Another technical interpretation was released by CRA which furthers this discussion. This article will highlight some of the comments in that letter and our thoughts on whether or not these comments are further evidence of a change in the direction of CRA when determining whether or not an entity qualifies as a tax exempt non-profit organization.

In this particular interpretation, the CRA responded to the following two questions:

1. Can a condominium corporation rent a suite for an amount in excess of its cost of operating and maintaining the suite and still qualify for the exemption from tax provided by paragraph 149(1)(l) of the Act?

2. If the rental profits are used to reduce members’ fees, does this affect the tax exemption?

In responding to these questions, the CRA stated that in its view, where the condominium corporation leased the premises for an amount that could generate a surplus, that in and of itself could be considered to be indicative of an intention to make a profit, and thus the entity would not qualify for the exemption from tax provided under paragraph 149(1)(l) of the Act. Further, the response indicated that when a condominium corporation reduces members’ fees as a consequence of intentionally charging rent in excess of costs, then that would be making the income of the condominium corporation available for the personal benefit of its members which is also contrary to paragraph 149(1)(l) of the Act.

This author questions the responses provided by CRA, and also is reminded of the age old adage – ‘be careful what you ask for’. There is not a large body of case law on when an organization qualifies for tax exempt status as a non-profit organization, nor has CRA historically devoted much time to this issue. It is therefore difficult to conclude whether these responses are an accurate statement or interpretation of the Act.

Paragraph 149(1)(l) provides:

A club, society or association that in the opinion of the minister was not a charity within the meaning assigned by subsection 149.1(1) and that was organized and operated exclusively for social welfare, civic improvement, pleasure or recreation or for any other purpose except profit, no part of the income of which was available to or was otherwise available for the personal benefit of any proprietor, member or shareholder thereof unless the proprietor, member or shareholder was a club, society or association the primary purpose and function of which was the promotion of amateur athletics in Canada.

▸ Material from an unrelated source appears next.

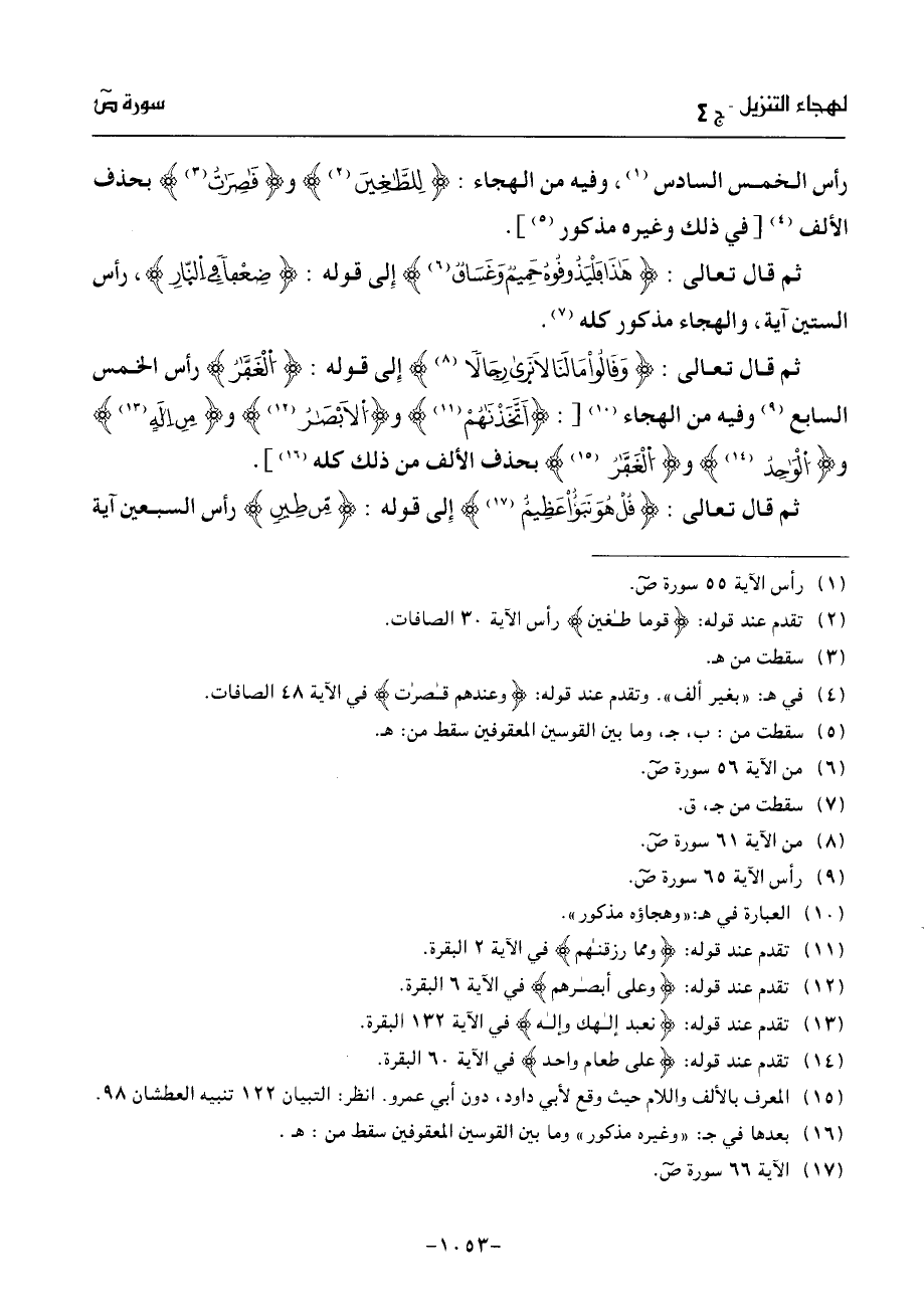 ثم قال تعالى: وقالوا ما لنا لا نرى رجالا (¬8) إلى قوله: الغفّر رأس الخمس السابع (¬9) وفيه من الهجاء (¬10) [: أتّخذنهم (¬11) والابصر (¬12) ومن اله (¬13) والوحد (¬14) والغفّر (¬15) بحذف الألف من ذلك كله (¬16)].

It is this author’s view that in today’s world, many legitimately non-profit entities that operate for social welfare, civic improvement, recreation, or other purposes (other than profit) operate as effectively and efficiently as they can to achieve their objects in a fiscally prudent manner. This may involve generating revenue from one activity and using that revenue for another activity while operating on an overall cost recovery basis. CRA’s response in this letter appears to suggest that if any activity earns a surplus, the test in paragraph 149(1)(l) is not met. I think that to conclude that such a manner of operation is indicative of the entity as a whole having an intent to make a profit is questionable.

Further, to conclude that when these entities operate prudently with the result that their membership fees do not increase or are reduced is an indication that there is a personal benefit to the member seems to be a conclusion reached out of context. Suggesting that an entity must plan to spend all revenues – even if such expenditures are not necessary at that moment in time, seems to be inconsistent with the overwhelming public interest for organizations to be fiscally prudent and responsible. CRA has acknowledged this in the past, Interpretation Bulletin IT-496R Non-Profit Organizations states that a non-profit can accumulate a reasonable amount of excess income.

We concluded our earlier article by suggesting that we were hopeful that the answers in the particular technical interpretation were driven mostly by the particular questions asked (which of course are not available as the original letter sent to CRA is not posted on the website). We remain of that view, but are concerned that these responses are indicative of new administrative positions in this area.